Forum Moderators: Robert Charlton & goodroi

Message Too Old, No Replies

Webmaster Tools shows insane number of links - from site search template

         

johnnie

12:31 pm on Jun 23, 2008 (gmt 0)

WebmasterWorld Senior Member 10+ Year Member



Okay, I have two sites (A and B) that I, ofcourse, like to interlink. And so I did. For B, this means I have included a link to B on A's template. Now, in google webmaster tools, the amount of links from A to B is insane (2500+)! This because google (thank you toolbar) is actually indexing site A's arbitrary search pages (like mysite.com/search.php?q=searchquery). Since the link is site-wide, all these search results occur as pages linking to B. Will the googlebot consider this as linkspam? If so, how do I prevent google from indexing arbitrary search result pages? Should I just make site A's search result page noindex?

tedster

1:52 pm on Jun 23, 2008 (gmt 0)

WebmasterWorld Senior Member 10+ Year Member



If you don't want to see your site searches in the index, I'd say a noindex is a good way to go. If you do, you could show the site search results on a more sparse template, without all the interlinking and possibly with next to no other navigation, either.

Receptional Andy

2:16 pm on Jun 23, 2008 (gmt 0)



The behaviour is most likely not as a result of the toolbar, but Googlebot's new "form crawling" behaviour. See Googlebot Now Crawls via HTML Forms [webmasterworld.com].
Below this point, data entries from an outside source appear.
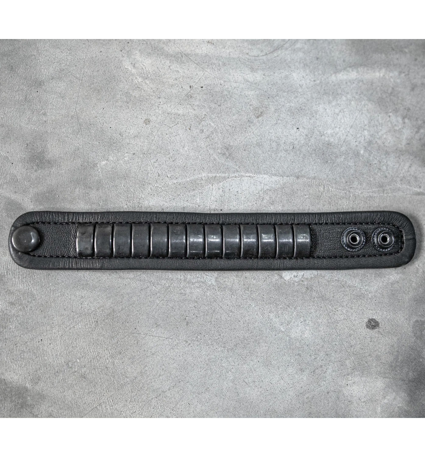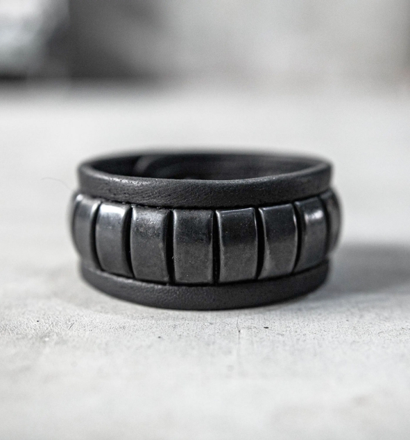 Black leather bracelet, featuring a minimalist design with bold black studs. The genuine leather cuff is sleek, modern, and versatile. It effortlessly blends into any wardrobe, making it the ultimate accessory for those who love understated edge and timeless style.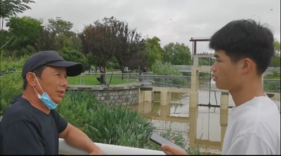 小组成员刘彤在云龙湖进行采访,并且积极和受访者交流了油烟净化技术对环境保护的重要意义。
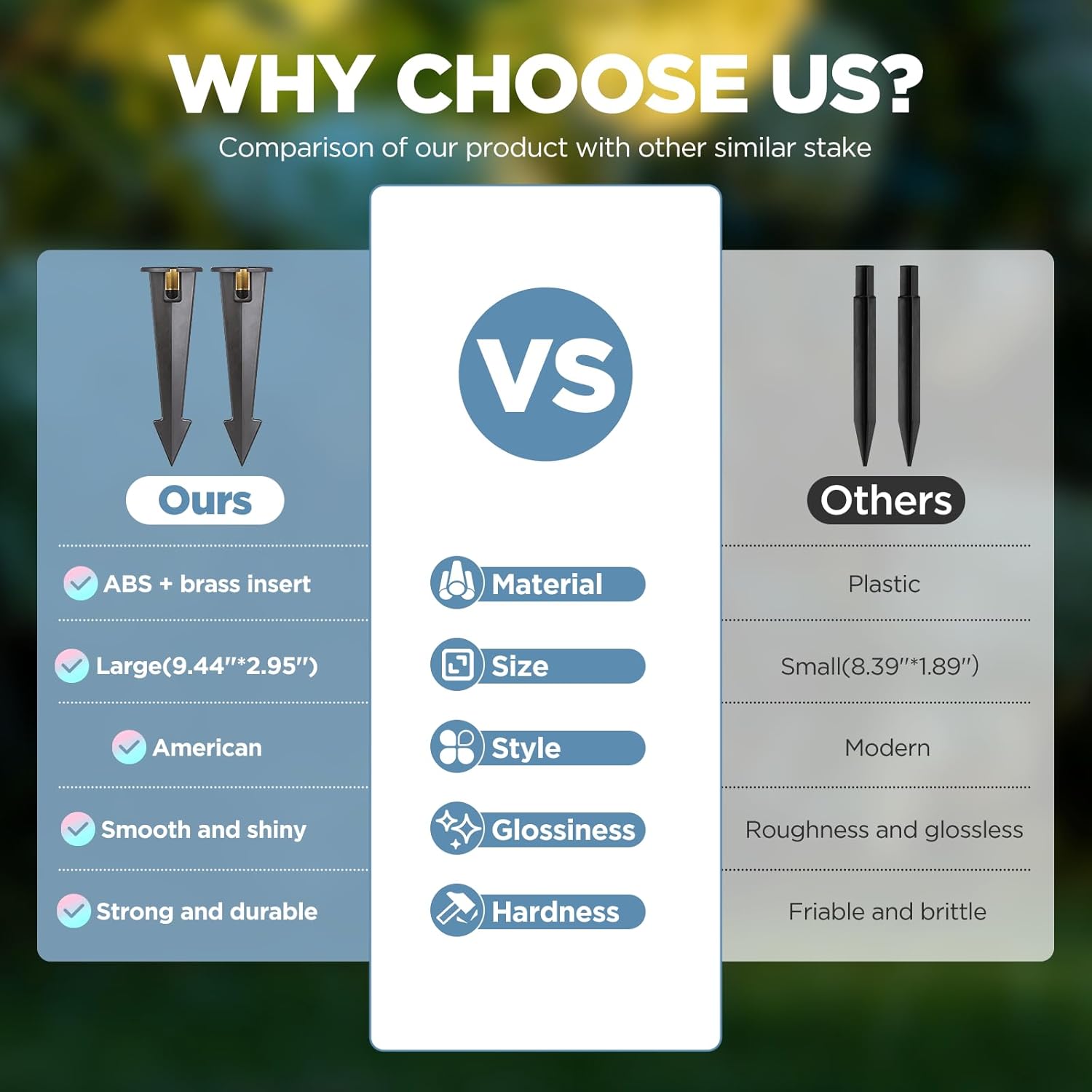 - STURDY GROUND STAKE: ABS (Acrylonitrile Butadiene Styrene) polymer + brass insert, these heavy-duty ground spikes have a 9.44-inch corrosion-resistant plastic body and 1/2 NPT brass threads for long-lasting use in harsh outdoor conditions

You can also block the crawling using wildcards in robots.txt. E.g. to block any URL containing a question mark (not suitable for all sites!), use:

User-agent: Googlebot
Disallow: /*?

johnnie

9:20 pm on Jun 23, 2008 (gmt 0)

WebmasterWorld Senior Member 10+ Year Member



Hmm.. I think I might go for the robots.txt option. Disallow: /?q should do nicely. I don't see the merit in indexing search results anyways.

Robert Charlton

1:19 am on Jun 24, 2008 (gmt 0)

WebmasterWorld Administrator 10+ Year Member Top Contributors Of The Month



I don't see the merit in indexing search results anyways.

Google doesn't like them either. From Matt Cutts' blog...

Search results in search results
[mattcutts.com...]

The new webmaster guideline that you’ll see on that page says "Use robots.txt to prevent crawling of search results pages or other auto-generated pages that don’t add much value for users coming from search engines."